The equations for the gambler’s ruin with an unfair coin will be of service here. If the coin lands in the gambler’s favor \(p < \frac{1}{2}\) of the time, and the adversary’s favor \(1 - p > \frac{1}{2}\) of the time, the probability of ruin after exactly \(n\) coin flips is given by4:

\[ r_{n,d} = \frac{d}{n}{n \choose (n+d)/2}p^{(n-d)/2} (1-p)^{(n+d)/2} \]

The probability of being ruined in the first \(N\) flips is then a sum over \(r_{n,d}\):

\[ R_{N,d} = \sum_{n=1}^N r_{n,d} = \sum_{n=1}^N \frac{d}{n}{n \choose (n+d)/2}p^{(n-d)/2} (1-p)^{(n+d)/2} \]

Equating successes from the treatment group to gains made by the adversary, we are now equipped to find the optimal sample size for a given significance level \(\alpha\) and statistical power \(1-\beta\). We simply choose the smallest positive values of \(N\) and \(d^*\) such that the probability of hitting \(d^*\) with \(\delta = 0\) is less than \(\alpha\), and the probability of hitting \(d^*\) with \(\delta > 0\) is at least \(1-\beta\).

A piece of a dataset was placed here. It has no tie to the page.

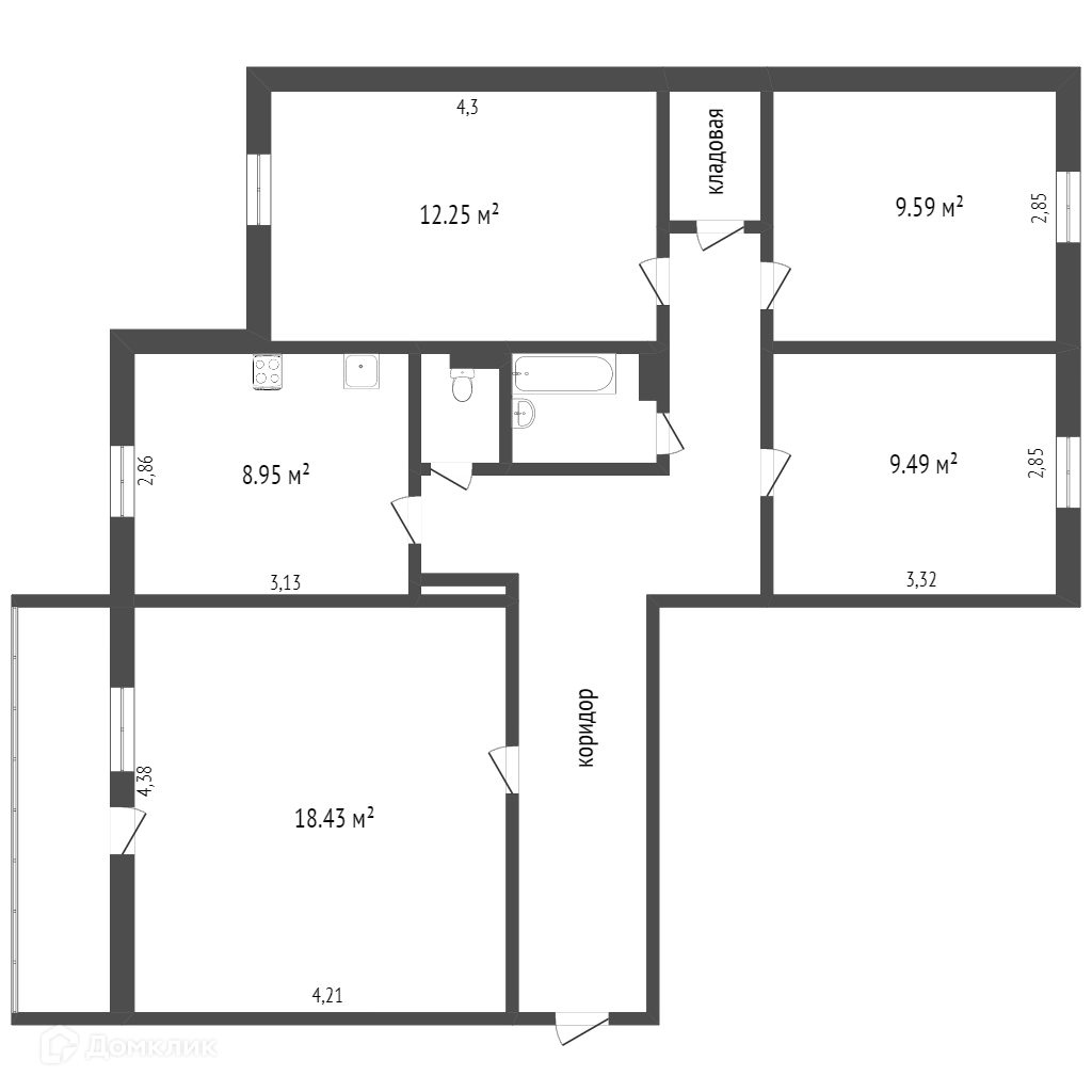 Общая площадь 79.8 м2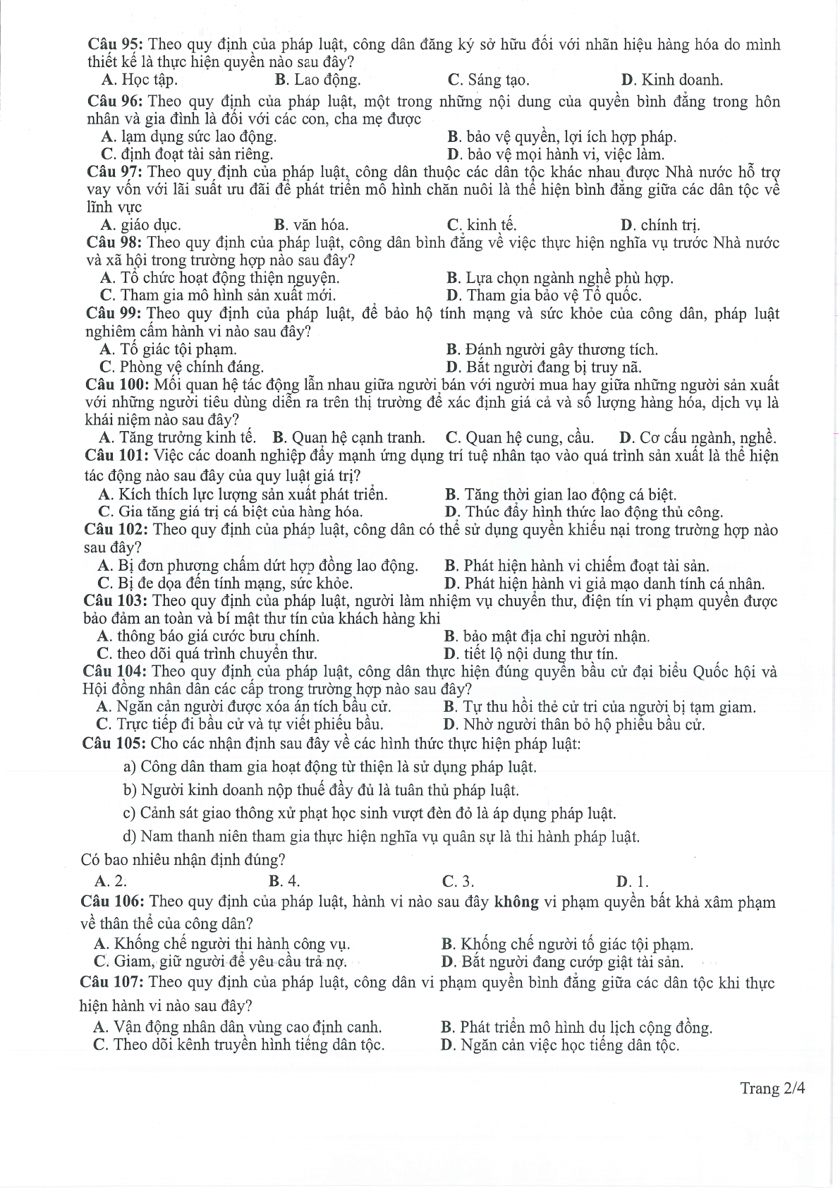 Đáp án đề minh họa 2024 môn Giáo dục công dân

In mathematical terms, \(N\) and \(d^*\) must satisfy:

\[ \sum_{n=1}^N \frac{d^*}{n}{n \choose (n+d^*)/2}\left(\frac{1}{2+\delta}\right)^{(n-d^*)/2} \left(\frac{1+\delta}{2+\delta}\right)^{(n+d^*)/2} > 1 - \beta \\ \sum_{n=1}^N \frac{d^*}{n} {n \choose (n+d^*)/2}2^{-n} < \alpha \]

If you want to solve these equations at home, an integer grid search starting with \(N=1\) will arrive at optimal values in \(O(N^2)\) time; a binary-search algorithm over \(d^*\) will converge in \(O(N\ln \sqrt{N})\).

Or, you can just use the online calculator, which solves the equations in JavaScript.

Sample Size Tables

Below is a table with a few calculated values of optimal \(N\) and \(d^*\) for given significance levels, power levels, and lifts. The column \(E[N|H_A]\) is the expected number of conversions required to complete the test under the alternative hypothesis — you can see that under the alternative, the procedure will terminate up to 17% earlier than under the null hypothesis using standard power and significance levels. The \(N_{Z}\) column is the comparable number of total conversions expected under a fixed-sample, one-sided \(Z\)-test with a baseline conversion rate of 1%. (If \(N_{Z}\) is the total number of successes and failures, \(N_{Z}/100\) is the expected number of successes under the null.)

Finally, the “Savings” column represents the percent reduction in sample size when comparing the sequential test under the alternative to the fixed-sample test. Algebraically, it is \(1-E[N|H_A]/(N_{Z}/100)\).

Significance \(\alpha\)Power \(1-\beta\)Lift\(N\)\(d^*\)\(E[N|H_A]\)\(N_{Z}/100\)“Savings”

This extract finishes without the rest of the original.